Intel needs a 3-5x performance per watt increase for me to go back (for real, just look at 7800X3D benchmarks right here at TPU, Intel is appalling in efficiency). A new architecture and moving away from their ancient lithography to Intel 20A might might do it.


What that chart doesn't include though is E cores disabled. If you look at the 7800X3D is indicative of poor development progress on cores and threading we're stuck in due to consoles still being limited to 8 cores and 16 threads. Disable the E cores and suddenly the 14700K is a better 14600K with two more P cores with better binning. The 7800X3D and other 8 core 16t CPU's are in the sweet spot of what developers are targeting right now with current consoles on the market. Expecting that to simply remain the same indefinitely is fools gold though. It also has less need for better quality DDR5 memory with that slab of stacked cache, but still can benefit from it just not as greatly as Intel chips will with a smaller cache size and stronger IMC.

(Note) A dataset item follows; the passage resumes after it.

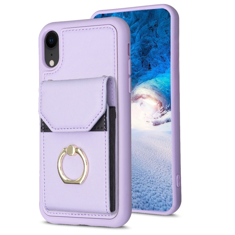 Funda para Teléfono Bf29 para iPhone Xr con Soporte para Anillo y Bolsa para Tarjeta de Órgano (Púrpura)

I don't really get why w1zzard tested that at 1080p though while in other cases 720p is used to better represent a CPU bottleneck. I don't think it would help things particularly, but it probably would push CPU core usage and thread usage higher in some scenario's. Anyways we need to transition away from 8c/16t consoles before we see forward progress beyond that become standard. You can find examples where developers have targeted better hardware resource, but it won't become common until we see a shift at the largest audience developers target which is the console market.

This really isn't about which is better and why for which purpose use case under which testing scenario example however. This is about Intel making a bad decision or blunder and yes and/or maybe is kind of what we've gathered on the matter to this point.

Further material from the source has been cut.